Effects of pH Values of Hydrogen Peroxide Bleaching Agents on Enamel Surface Properties
This study investigated the influence of pH values of bleaching agents on the properties of the enamel surface. Sixty freshly extracted premolars were embedded in epoxy resin and mesiodistally sectioned through the buccal aspect into two parts. The sectioned slabs were distributed among six groups (n=10) and treated using different solutions. Group HCl was treated with HCl solution (pH=3.0) and served as a positive control. Group DW, stored in distilled water (pH=7.0), served as a negative control. Four treatment groups were treated using 30% hydrogen peroxide solutions with different pH values: group HP3 (pH=3.0), group HP5 (pH=5.0), group HP7 (pH=7.0), and group HP8 (pH=8.0). The buccal slabs were subjected to spectrophotometric evaluations. Scanning electron microscopy investigation and Micro-Raman spectroscopy were used to evaluate enamel surface morphological and chemical composition alterations. pH value has a significant influence on the color changes after bleaching (p<0.001).
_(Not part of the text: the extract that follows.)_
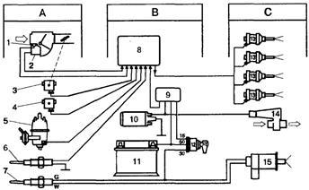 В — устройства управления и обеспечения: 8 — электронный блок управления, 9 — блок реле, 10 — топливный насос, 11 — аккумуляторная батарея, 12 — выключатель зажигания. С — устройства выходных параметров: 13 — рабочие форсунки, 14 — клапан добавочного воздуха, 15 — пусковая форсунка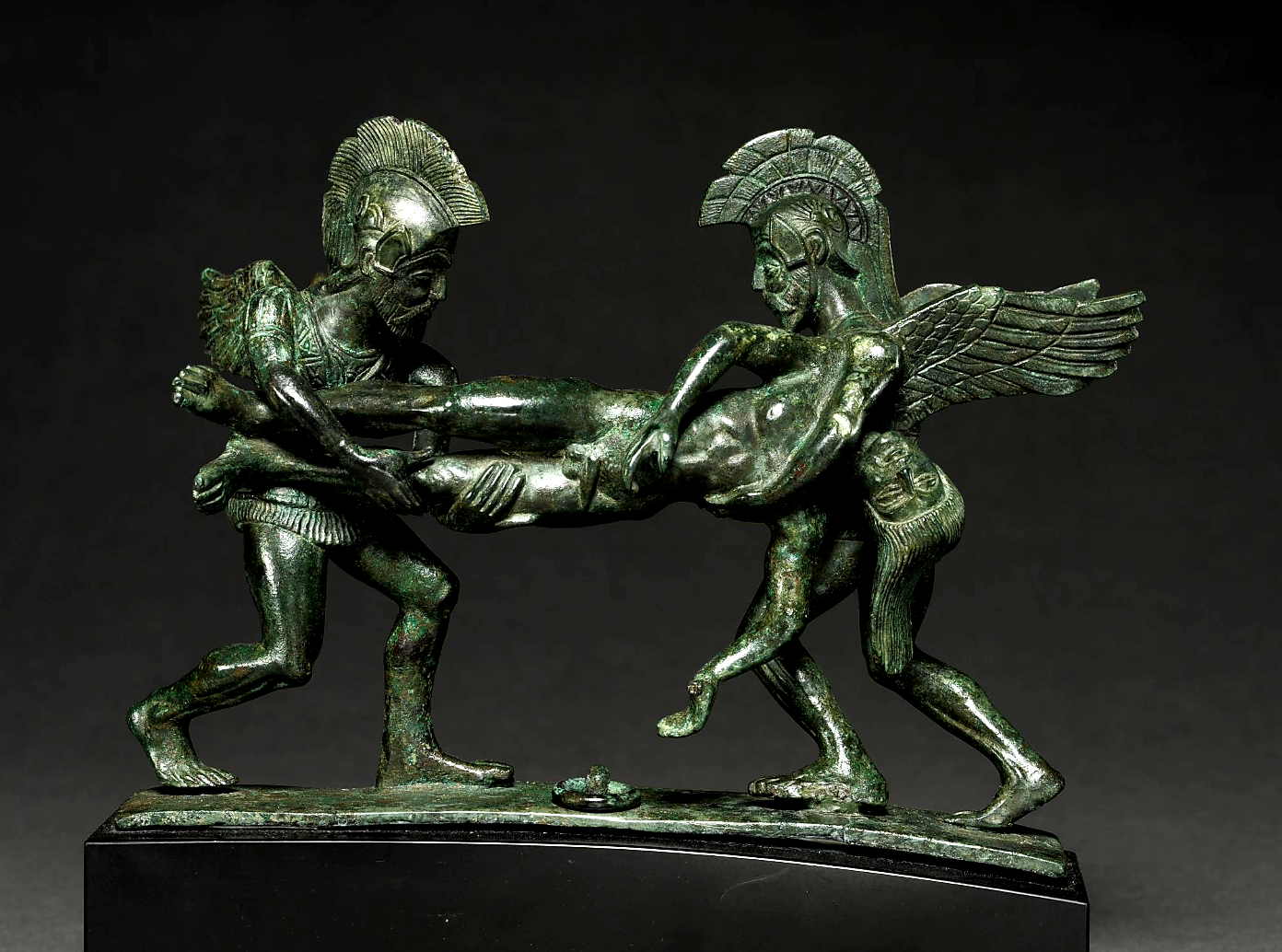 잠의 신 히프노스 Hypnos 와 죽음의 신 타나토스 Thanatos 가 트로이 전장에서 죽은 제우스의 아들 "화석 투구를 쓴 신과 같은 사르페돈"의 살해된 시신을 운반하는 모습을 형상화했다고 해석하곤 한댄다.

Tukey's multiple comparisons revealed that the order of color changes was HP8, HP7>HP5, HP3>HCl>DW. No obvious morphological alterations were detected on the enamel surface in groups DW, HP7, and HP8. The enamel surface of groups HCl and HP3 showed significant alterations with an erosion appearance. No obvious chemical composition changes were detected with respect to Micro-Raman analysis. Within the limitations of this study, it was concluded that no obvious morphological or chemical composition alterations of enamel surface were detected in the neutral or alkaline bleaching solutions. Bleaching solutions with lower pH values could result in more significant erosion of enamel, which represented a slight whitening effect.SUMMARY
INTRODUCTION
The use of bleaching agents such as hydrogen peroxide (HP) or carbamide peroxide (CP), for esthetic purposes, has gained worldwide popularity because of their efficacy in whitening teeth at minimal expense and invasion of dental hard tissues.1 Color alteration is the most noticeable evidence in a bleaching procedure; however, the mechanisms of the whitening effects are far from clear.2,3 As understood thus far, two possible approaches of teeth bleaching have been proposed: chemical composition alterations and erosion of tooth hard tissue.4,5 Chemical composition alterations of bleached teeth have been shown by several studies using energy dispersive spectroscopy,6 x-ray diffraction,7 or infrared spectroscopy.8 It was considered to be the penetration effect that peroxide radicals, which are generated by the degradation of hydrogen peroxide on the enamel surface, penetrate the enamel/dentin and break down the pigment of the discolored dentin.9 With respect to erosion of tooth hard tissue, however, general agreement has not been reached. Most scanning electron microscopy (SEM) studies of enamel bleached with CP or HP show little or no change in enamel morphology.10 Shallow erosion,11 increased porosity,12 or more substantial changes in enamel structure have also been reported.13,14 Micro computed tomography (Micro-CT) analysis has revealed that the density of enamel decreased after bleaching treatment, which was considered to be the dissolution or demineralization of enamel.15,16 These studies indicated that erosion of enamel might occur during bleaching procedures. It should be noted that the bleaching agents used in these studies exhibited various pH values, which might be the possible explanation for these controversial results.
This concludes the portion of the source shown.